An idealistic realist, humanistic technologist & constant student.

5 thoughts on “Cafes vs Coworking Spaces”

  1. Oh god, I’m the same way re: working from home. I start out with the best of intentions and then: oh look! Today with Hoda and Kathie Lee is on! And then I stick around for the commercials and buy a 24-pack of Activia yogurt. It’s a bad scene.

  2. Activia, huh? Whenever I think of that yogurt, I think of the SNL skit:

  3. That’s all well and good… but if you don’t have the discipline to tune people/TV/noise out while you work at a cafe or at home, then you won’t fair much better in a co-working space.  Outside of feeling the hurt on your wallet.  Having worked in a corporate environment for about six months or so, and then went to hybrid working, then straight telecommuting for the next decade, I have to say that you have to train yourself to just do things.

    And if that doesn’t help?  Go spend that first month’s rent at a co-working space on some Bose headphones that tunes out noise.  The expensive kind that pilots use.   I don’t need them, but it’s a way to just get in your own little zone.

    Just my own two cents, having done it for … a bit too long.

  4. That’s great for you, but I would caution applying it for all other people.

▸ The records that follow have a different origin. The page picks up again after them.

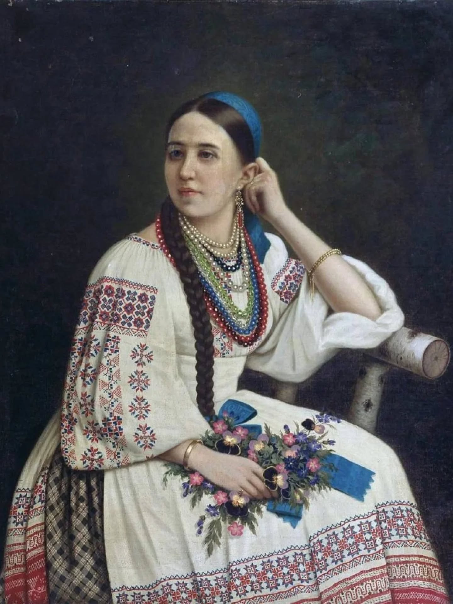 Картина Михайла Брянського "Портрет дівчини у вишиваній сукні". Зображення зі сторінки Херсонського художнього музею у фейсбуці.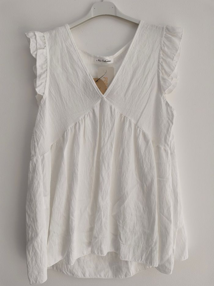 top caroll vichy bleu et blanc à volants - taille 40 - très bon état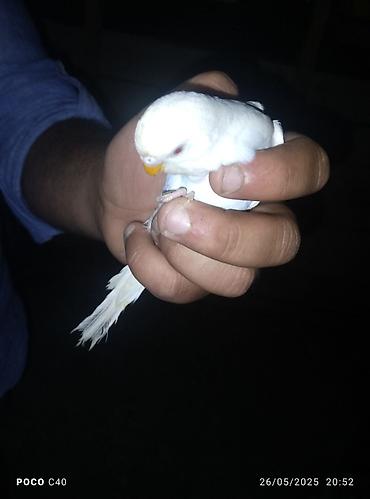 Ağ rəngli, balaca tutuquşu satılır. Evdə saxlamaq üçün idealdır. Baxımı asandır düm ağdi baladi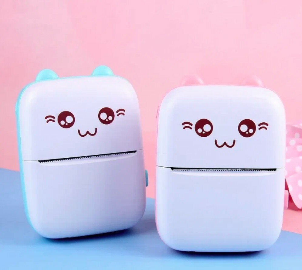 Купить Карманный детский мини термопринтер (печать на термобумаге) + цветная термобумага 3шт. цвет голубой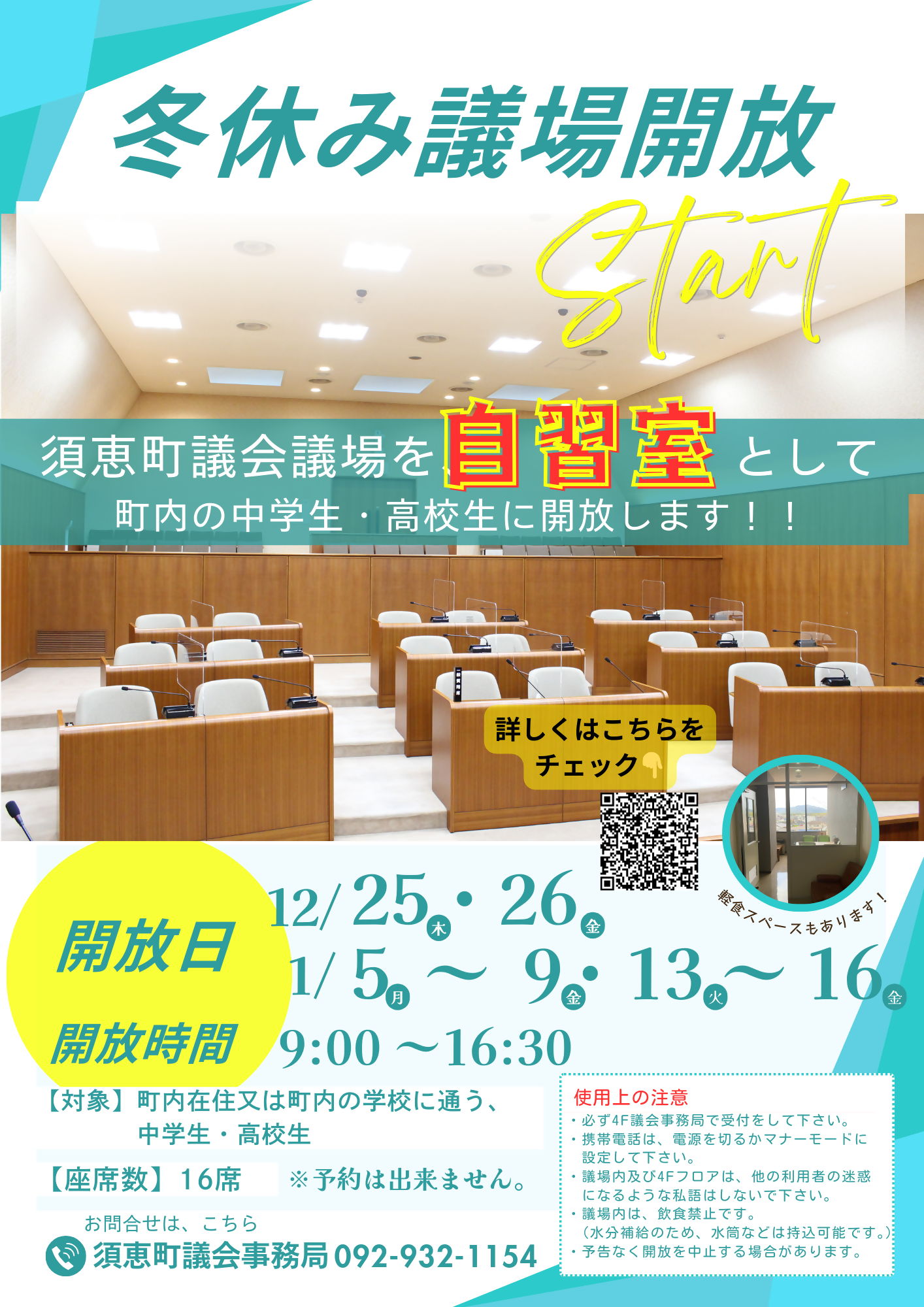須恵町議会議場を冬休みに自習室として、中高生に開放します!!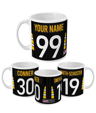 Show support for your favourite US American Football talents with our Pittsburgh custom personalised link up mug. Perfect for enjoying the game with your feet up at home or repping your team loud and proud in the office at work.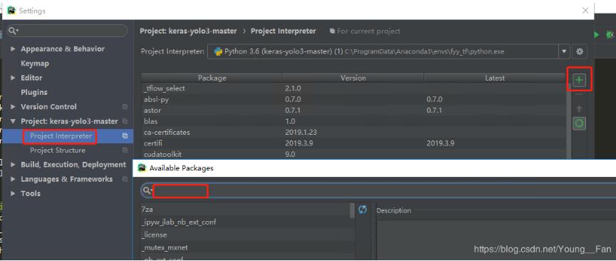 然后,再在Pycharm设置中使用小加号安装tensorflow-gpu 和 keras。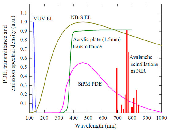 Photon emission spectra in gaseous Ar due to ordinary scintillations in the VUV measured in [8], NBrS EL at 8.3 Td theoretically calculated in [9] and avalanche scintillations in the near infrared (NIR) measured in [10,11]. Also shown are the photon detection efficiency (PDE) of SiPM (MPPC 13360-6050PE (Hamamatsu)) at overvoltage of 5.6 V and the transmittance of the acrylic plate (1.5 mm thick) [12].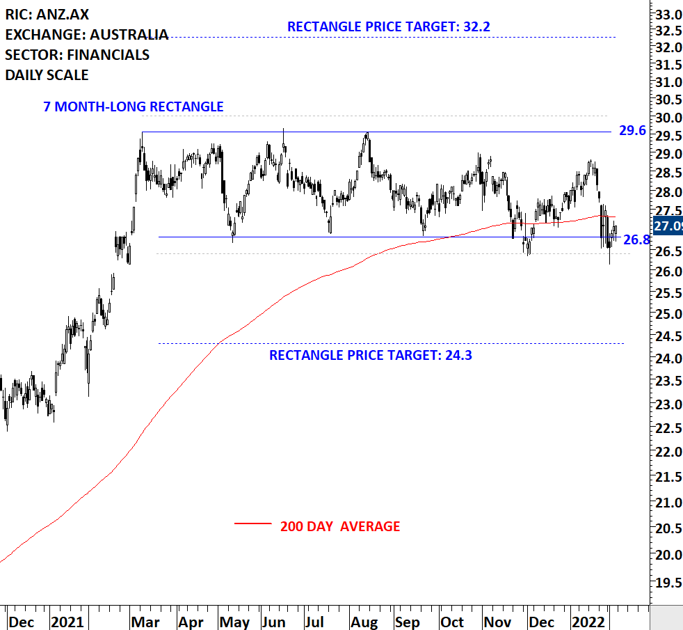 Australia and New Zealand Banking Group Limited provides a range of banking and financial products and services. The Company’s segments include Australia, New Zealand, Institutional, Pacific, and Technology, Services and Operations and Group Centre (TSO). The stock is listed on the Australia Stock Exchange. Price chart formed a 7 month-long rectangle with the horizontal boundary acting as strong resistance at 29.60 levels. The horizontal boundary was tested several times over the course of the chart pattern. A daily close above 30.00 levels will confirm the breakout from the 7 month-long rectangle with the possible chart pattern price target of 32.20 levels. A daily close below 26.4 levels will confirm the breakdown with the possible price target of 24.3 levels. (Learn more: Video Tutorial)

I’ve been working at home and in cafes for several years now, with a brief stint back in a corporate office. And I’ve worked alongside many other freelancers, lifestyle entrepreneurs, and startup workers.

    What I’ve seen is: everyone is different. Some thrive at home. Others in a cafe. And yet others, in a coworking space. Each will swear that their environment is the best for them. You can find dozens of blogs promoting the benefits of each one too.

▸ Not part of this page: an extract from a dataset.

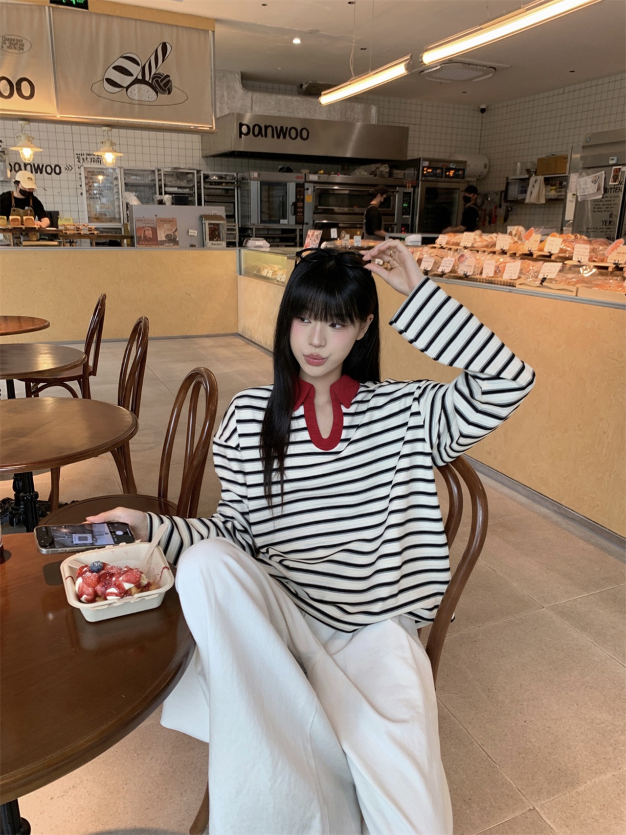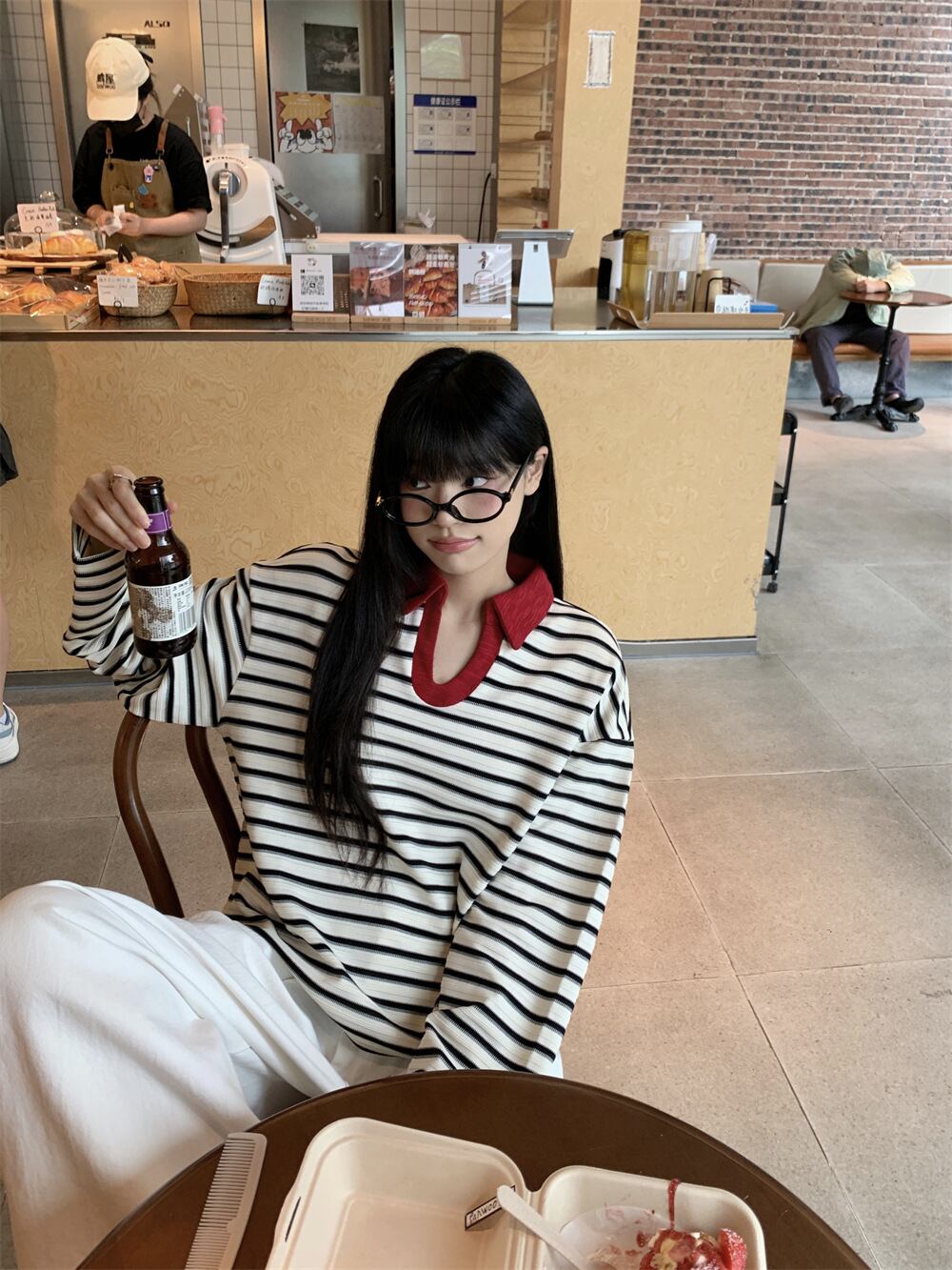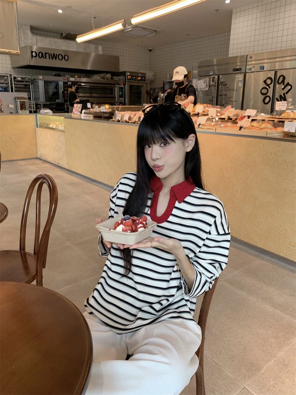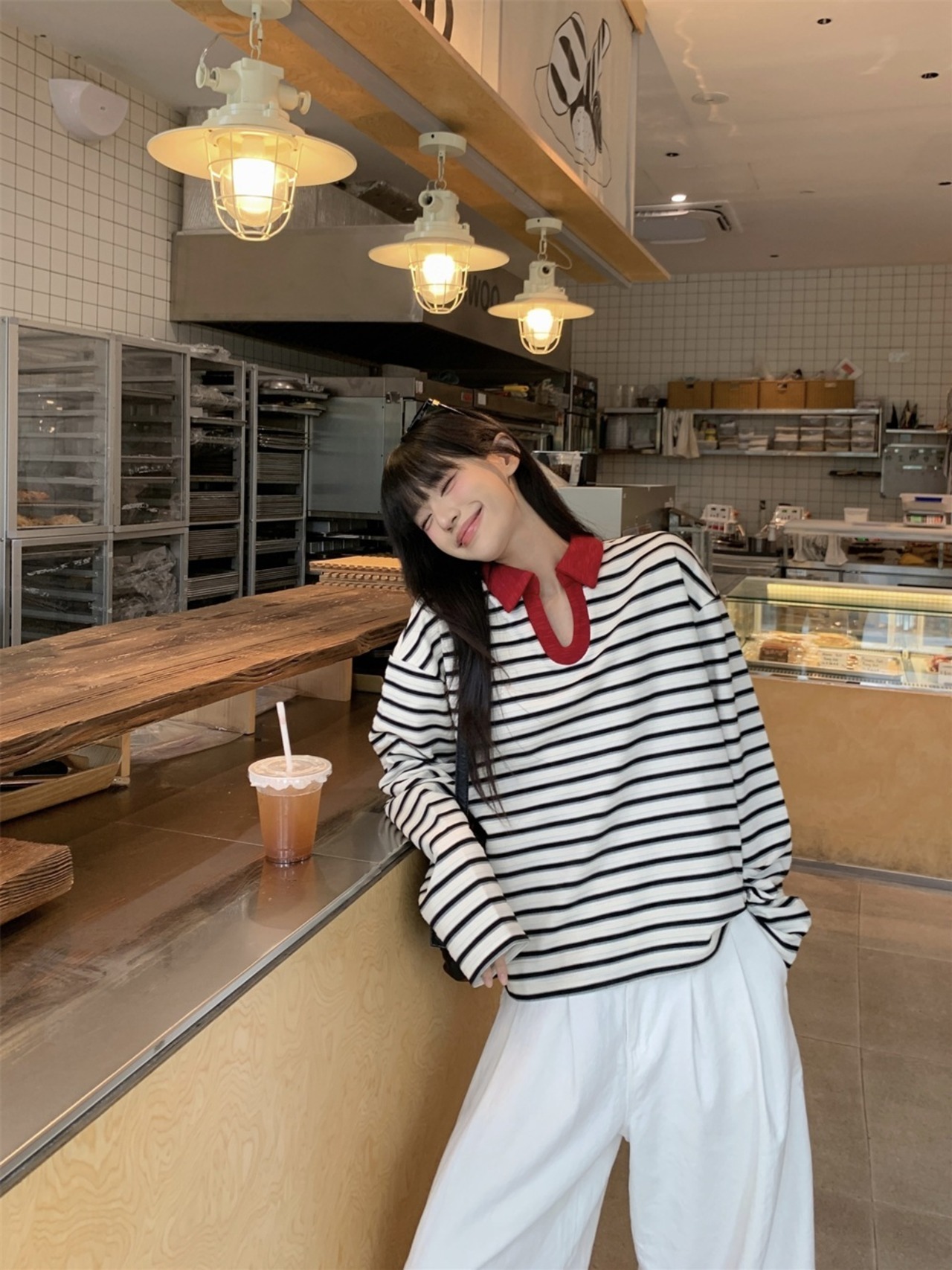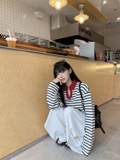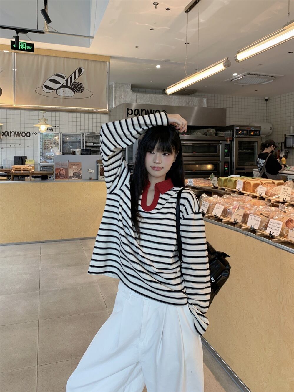 赤襟×白黒ボーダー、ベージュ襟×黒白ボーダーの2カラー展開で、着るだけで一気に韓国風カジュアルコーデが完成します。

    (BTW, I wouldn’t categorize a cafe and home in the same bucket at all. They are VERY different environments.)

    Sure, with enough discipline, you can be more flexible. But many people have a natural inclination for one over another. Mine is actually a cafe. I can work at home pretty well, but can get into the zone much faster in a cafe.

    For many others that I’ve been talking to lately, it’s a coworking space. They like to separate home from work. And I totally get that. It’s like how sleep scientists tell you to only use your bed for sleeping if you have insomnia. The way your mind associates an environment to an activity can shape its performance in said environments.

    Personally, I like ambient noise. I sometimes put cheap headphones on with the volume low, so I can hear some music and some outside noise. Weird huh? But it’s my personal preference, just as you prefer expensive Bose headphones.

    We all have our optimal environments. And all have pros and cons. It’s a matter of having an open mind & trying various kinds out, then using the best environment for you. Sounds like you’ve found your optimal environment – and thumbs up to that! I haven’t worked in a coworking space for an extended period of time yet, but I’m looking forward to giving it a spin.

  5. I hear ya. When you have no choice, you have no choice. You gotta do with what you have and hopefully you can make the best of it. I totally agree with you there.

    But when you DO have a choice, then… Happy day! Then you can check out various options and see what is best, in case one is better than others for you.